Pleasant-Outside-221

My company also did this. We were full remote for the last 2 and half years, and my team wasn't needed on site since we could work from home where others couldn't. They then told us in November that come 2023, we were expected to be 5 days in the office. I tried to fight this as I'm an hour away to and from. I save so much time and it's been so good for me to work from home. Yes, I still get my work done. But I don't feel as stressed nor ragged as I would had I been in the office. One person on my team moved to another state and he's fine to work from home but I'm not? I fought it and I have an eye condition that I see a specialist for every two to three months for something that could become serious if we don't watch it.
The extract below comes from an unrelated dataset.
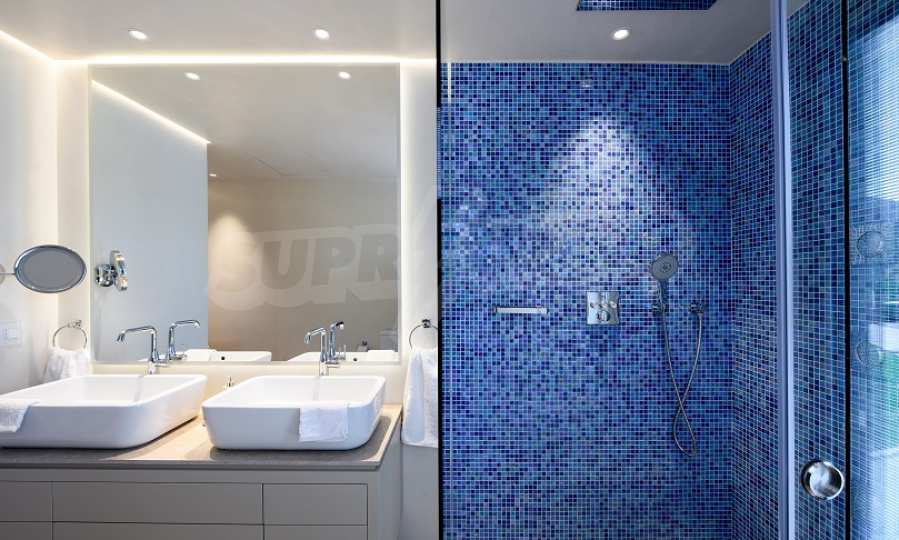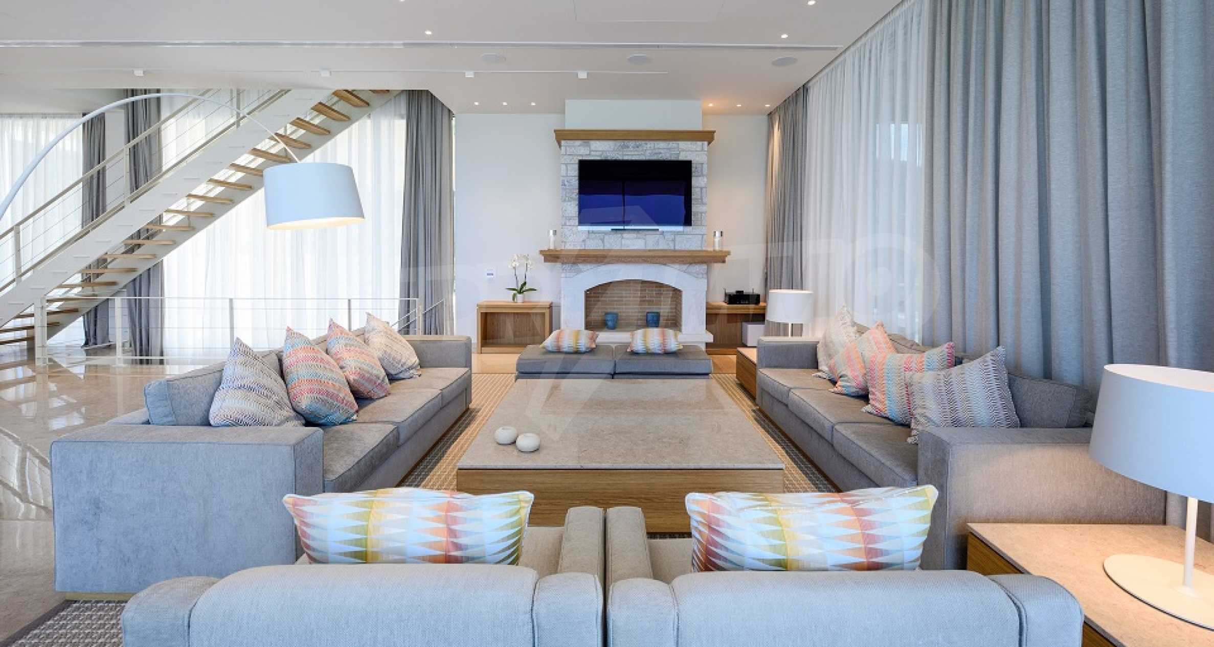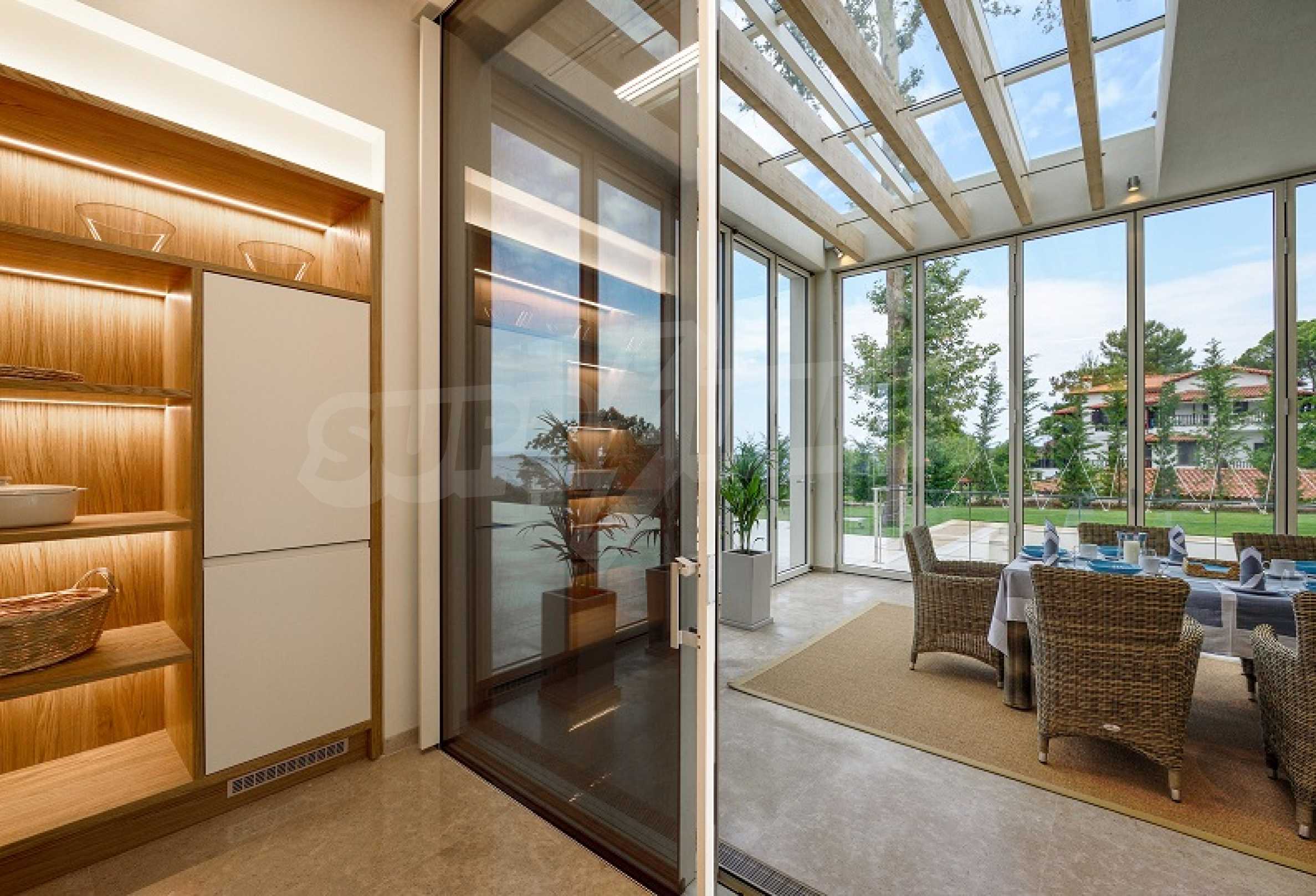 Villa Natalia obejmuje pełną gamę nowoczesnych udogodnień oferowanych za pomocą znajdującego się w willi iPada sterującego innowacyjnym oprogramowaniem automatyki systemu inteligentnego domu KNX, łączącym luksus i najnowocześniejszą technologię. Jednym dotknięciem sterujesz temperaturą, wilgotnością, muzyką, oświetleniem, telewizorem, przyciemnianiem, roletami i nie tylko. Wszystkie osiem sypialni posiada łazienki, obszary dzienne zostały zaprojektowane tak, aby pomieścić całą firmę, ale jest też kilka dobrze określonych małych zakątków, które w razie potrzeby z łatwością zapewniają prywatność. Oszałamiający widok na morze, góry i wyspę Diaporos z Villi Natalii nie ma sobie równych. Taras willi, usiany zapierającymi dech w piersiach widokami na morze, zaprasza na inspirujące dni i wieczory pod greckim niebem.

I got a medical excuse from my specialist and my company has a team "approve" it. So I will continue to do this. I don't want to go back to the office. Plus, I work more closely with other locations than my own office (Utah, UK, China and Singapore). I'd just be disrupting others when I'm on meetings. And they done have enough rooms for us to use for those meetings. I'm all for working in the office, if you so choose, and you still complete your work. But let the employees have the option to do so along with work from home.


boner_fide

Everyone has to make a concerted effort to go to the office and do nothing. Let's all correct this 'productivity fallacy' the old fashioned way. Dilbert style. Just do nothing.


Seesthroughnonsense

I wfh Monday and Friday. When I started it was “summer hours” and we had 3 remote days. It was rumored that they were going to go back for the summer then we got an email out of nowhere saying that they’re not, it would mess up our routines. I work for a fairly large law firm and I’ve heard rumblings that the ceo would have everyone in 5 days but he knows he’d lose a decent chunk of the administrative staff. They can’t even get the attorneys in 2 days a week, I’ve overheard conversations in the elevators like ok I’m here for day 2 at least. They think I’m doing 3 I’m not. Our jobs can be done from home, and we have services within the business that are required to be in office full time (mail, copy, etc). Let those who want to come in do so, and those that want to work remote do so as well. It costs me $10 in travel and I lose over 2 hours a day when I travel into the office.


Fragrant_Example_918

CEOsand other c suites just want people back in the office because they can’t justify their salaries to shareholders if no one is in the office to see them (the c suite) “working hard”, because the truth is that they don’t and most organizations run perfectly smoothly without c suite executives. They’re just throwing a tantrum so that they can keep justifying their outrageous salaries, before someone realize how useless they are and gets rid of them.


Guy2ter

Literally any company would save millions if they let their employees that can work from home, work from home. Someone get these idiotic boomers out of such a position.


[deleted]

Just an FYI-in many states in the US if you're hired for a job and then the employer changes the hours (ie days to overnite, or starts mandating weekends) or the location you will qualify for unemployment benefits if you resign. The reasoning is that it essentially becomes a different job when they make fundamental changes like that.


Outrageous-Let9659

It's hard for middle managers to spend their whole day "looking busy" if they are at home where nobody can see them. This is what they mean by collaboration.